> Action item
Below are records to reproduce in full; copy them exactly but keep the pictures out.

Data extracted from a collection
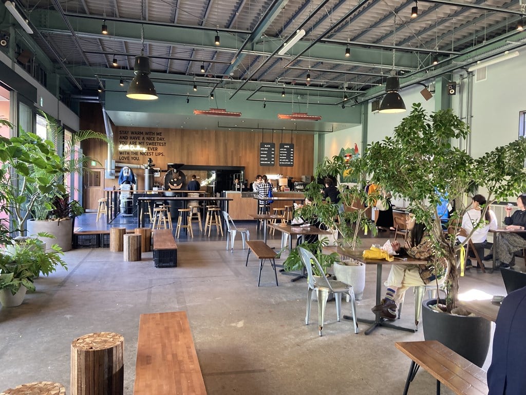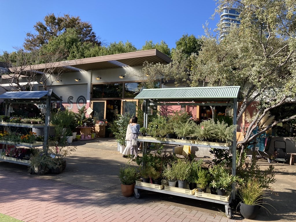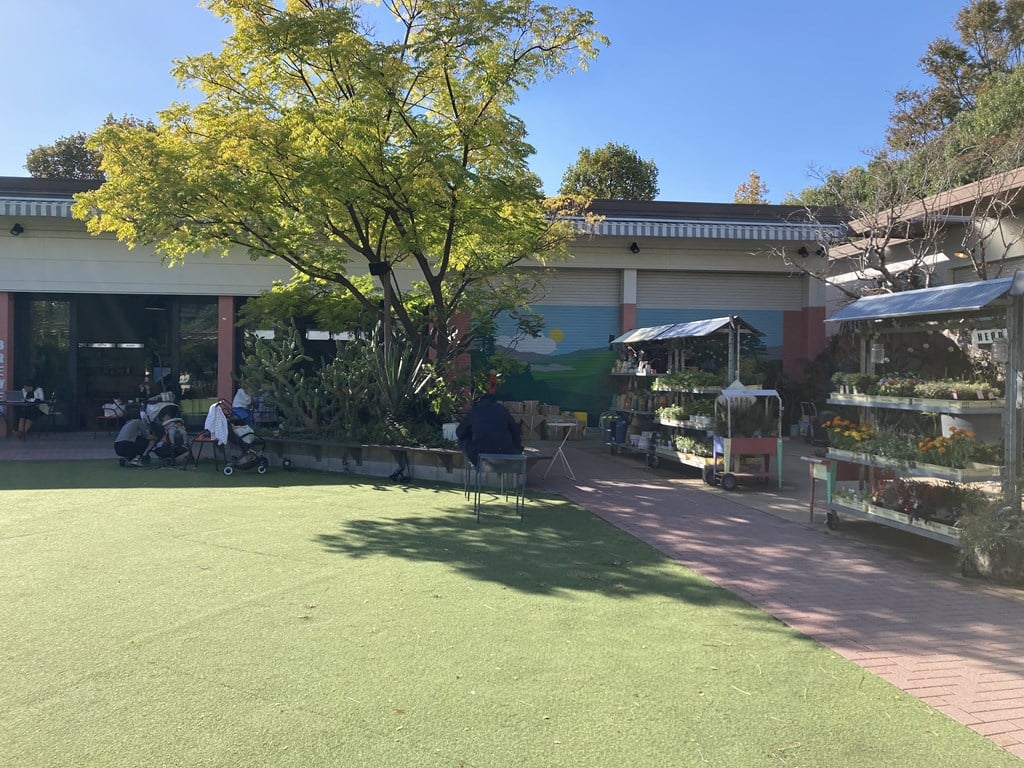 大きな広場を囲うように建物が配置され、その中で植物販売・カフェが運営されています。
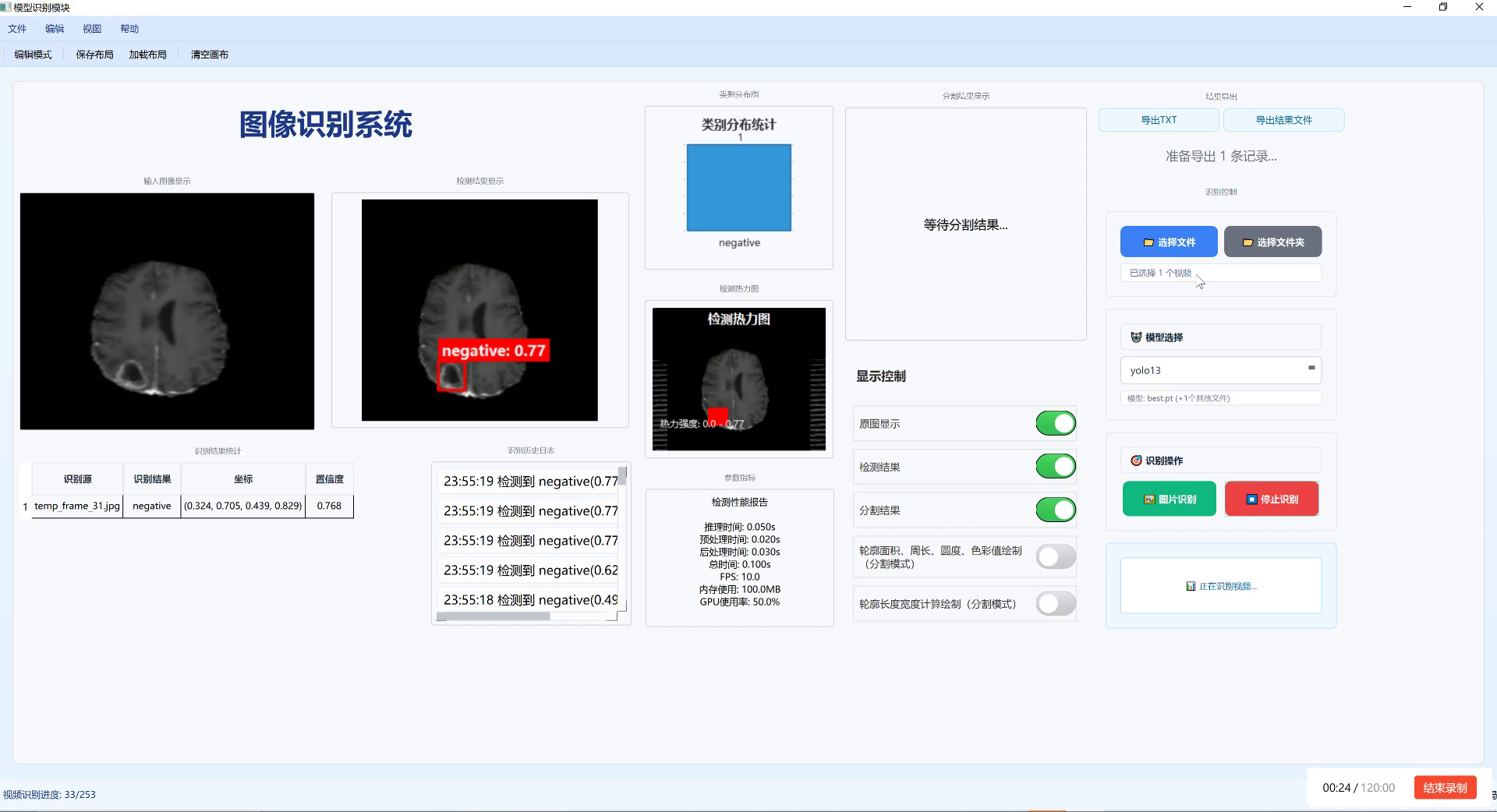 通过上图可以看到,系统成功识别了绝缘子上的缺陷,并用红色框标注了"negative: 0.77"(实际上应为缺陷类别及置信度)。中间区域显示类别分布统计和检测热力图,红色区域标记了缺陷位置。下方表格记录了识别结果,包括文件名、类别、坐标及置信度。右侧提供模型选择和显示控制选项,用户可以方便地调整参数和查看不同类型的检测结果。
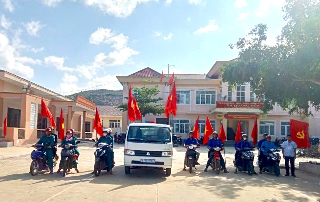 Tiếp đó, hưởng ứng Tháng Thanh niên năm 2026, chiều 12/3/2026, Đoàn Thanh niên Công an xã phối hợp với Đoàn xã Quảng Hòa, Ban Chỉ huy Quân sự xã và Chi đoàn các thôn trên địa bàn tổ chức ra quân tuyên truyền lưu động về cuộc bầu cử đại biểu Quốc hội khóa XVI và đại biểu Hội đồng nhân dân các cấp nhiệm kỳ 2026 – 2031.
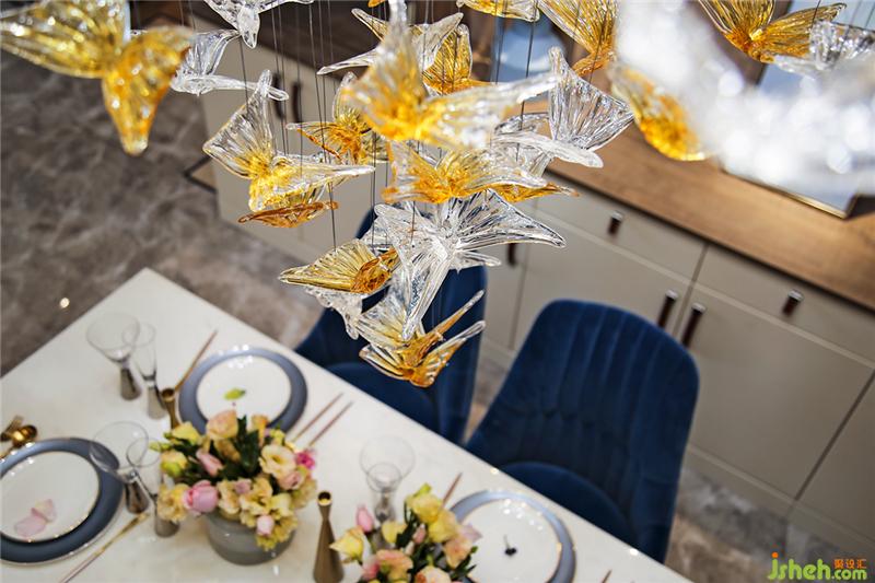 蝴蝶造型的裝置燈是這個家的 "精神堡壘",可以在這溫馨的燈光下,光影交錯之間開心地聊著天,規(guī)劃著往后的生活,一起做飯,邀三兩好友聚餐,溫馨而又滿足。
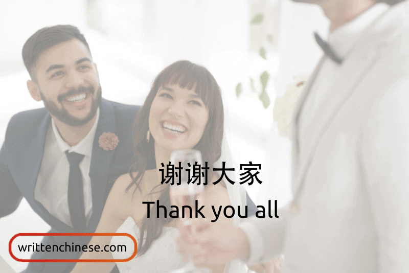 6. 谢谢大家 (xiè xie dà jiā) Thanks everyone / Thank you all

> Answer section
 大きな広場を囲うように建物が配置され、その中で植物販売・カフェが運営されています。
 通过上图可以看到,系统成功识别了绝缘子上的缺陷,并用红色框标注了"negative: 0.77"(实际上应为缺陷类别及置信度)。中间区域显示类别分布统计和检测热力图,红色区域标记了缺陷位置。下方表格记录了识别结果,包括文件名、类别、坐标及置信度。右侧提供模型选择和显示控制选项,用户可以方便地调整参数和查看不同类型的检测结果。
 Tiếp đó, hưởng ứng Tháng Thanh niên năm 2026, chiều 12/3/2026, Đoàn Thanh niên Công an xã phối hợp với Đoàn xã Quảng Hòa, Ban Chỉ huy Quân sự xã và Chi đoàn các thôn trên địa bàn tổ chức ra quân tuyên truyền lưu động về cuộc bầu cử đại biểu Quốc hội khóa XVI và đại biểu Hội đồng nhân dân các cấp nhiệm kỳ 2026 – 2031.
 蝴蝶造型的裝置燈是這個家的 "精神堡壘",可以在這溫馨的燈光下,光影交錯之間開心地聊著天,規(guī)劃著往后的生活,一起做飯,邀三兩好友聚餐,溫馨而又滿足。
 6. 谢谢大家 (xiè xie dà jiā) Thanks everyone / Thank you all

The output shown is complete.